57 Studierende haben in diesem Semester ihr Diplom im Kommunikationsdesign erhalten, neun im Produkt-Design, Schwerpunkt Schmuck. So wie die grazilen, bezaubernden Ohrringe und Anhänger von Marlene Beyer: „Sie sind aus Kunststoff, an die japanische Kunst des Origami, des Papierfaltens angelehnt. Ich habe mich dabei von einer Japanreise nach Tokio und Kyoto inspirieren lassen”, erläutert die 26-Jährige. Ihre ansprechenden Hänger finden eine Ergänzung in originellen Handtaschen aus Kimono-Seide: Als längliches Rechteck geschnitten, der Arm der Trägerin in einer Schlaufe, wirkt die Tasche eher wie eine Stola. Beyer will jetzt in einer Ateliergemeinschaft als selbstständige Schmuckdesignerin arbeiten. Ähnlich wie Jane Schiedt (28), die unterm Titel „Cocooning” auch eine Kuscheldecke aus aneinander genähten Plüschtierchen schuf.

Die meisten Studierenden im Bereich Design, so Dekan Professor Stefan Asmus, sind älter als Kommilitonen anderer Fakultäten, weil sie meist schon eine Lehre im Handwerk hinter sich haben.

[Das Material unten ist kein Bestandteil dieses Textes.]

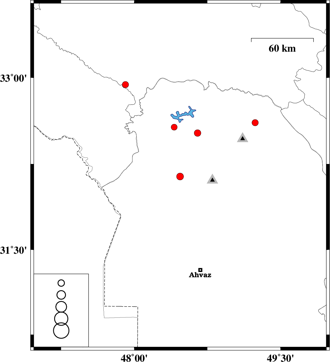 | 2010/07/28 | 11:17:06.2 | 15:47:06.2 | 32.57 | 48.41 | 18 | ML2.8 | Khoozestan Province, 13 km North of Andimeshk | ||
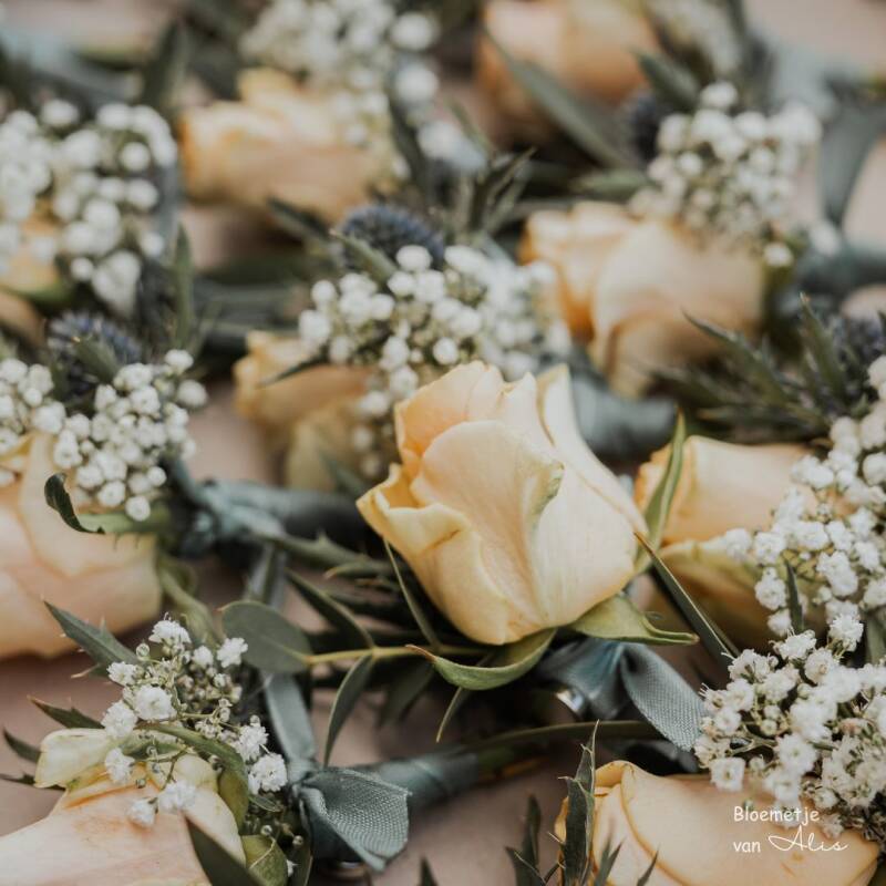 Bruidegoms corsage met speldje 7.50 met magneetje : 8.50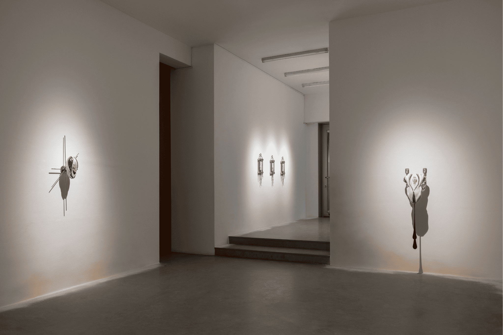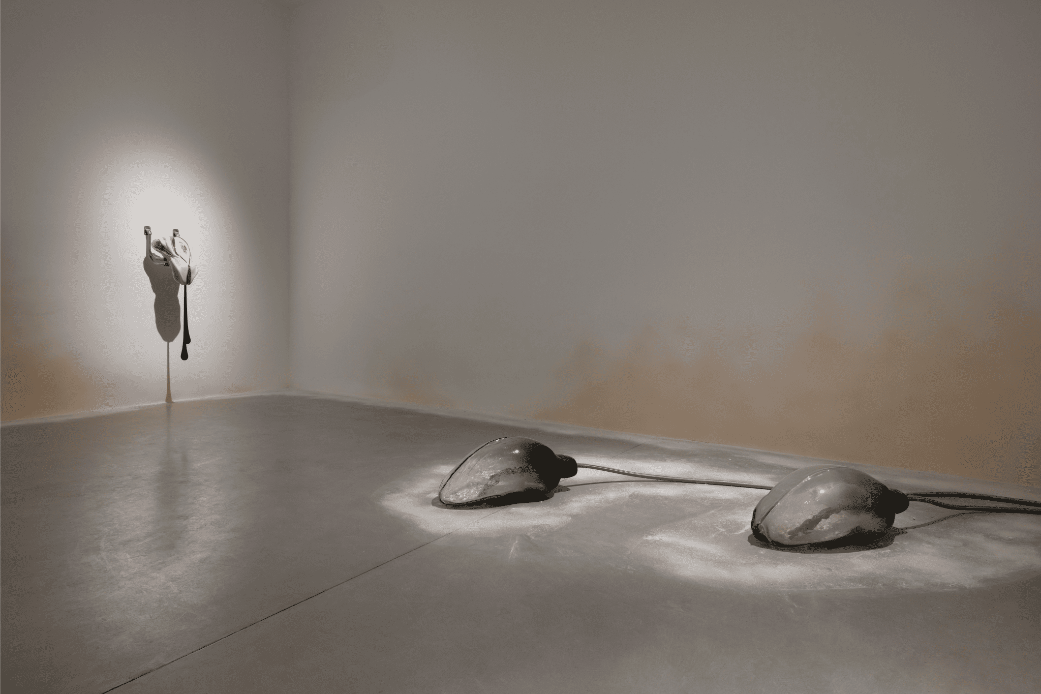Ivana Bašić opera secondo un linguaggio plastico eterogeneo, le sostanze raggiungono i propri limiti, tentano di emanciparsi dalle loro stesse forme a tal punto da configurare una nuova materialità. Elementi fragili come cera, silicone, vetro soffiato e pittura a olio convivono con la violenza intrinseca del metallo, assumendo connotazioni inedite. La pietra sembra carne, il vetro evoca il respiro, la cera muta in marmo, l’acciaio inossidabile – immobile e imperturbabile di fronte allo scorrere del tempo – diviene osso che trafigge e sorregge corpi precari. Un’antitesi che traduce la ferita inferta dal collasso della Jugoslavia – paese originario dell’artista – in una consapevolezza traumatica, un dolore e una tensione alla dissoluzione non intesa come perdita ma momento di potenziale radicale.

So hat Kaya Tuerkay, 32 Jahre alt, bereits in Belgien studiert und gearbeitet. Tuerkay schuf einen praxisnahen Leitfaden für Orientierungssysteme, also Wegweiser in Gebäuden, die auf die Bedürfnisse von Sehbehinderten abgestimmt sind. Dazu gehört etwa ein reliefartiger Weg- und Raumplan, den man ertasten kann. „In Zukunft werden in der Gesellschaft mehr Alte und damit mehr Sehbehinderte leben. Sie sind nicht blind, sie können aber nur wenig erkennen.” Daher müsse man die Schrift auf Hinweisen in Behörden oder im Straßenraum durch Kontrast und Farbe leicht lesbar gestalten. Schwarze Stufen in U-Bahnhöfen sind für Sehschwache gar nicht mehr zu unterscheiden, das kann zu Stürzen führen. Daher sollten Stufen mit einem kontrastreichen Farbstreifen, etwa in Neongelb, gekennzeichnet werden. „Und Hinweise in Kopfhöhe nutzen auch nichts, weil Sehschwache sich eher am Fußboden orientieren.” Das wäre vielleicht auch ein guter Hinweis für die neue FH an der Münsterstraße.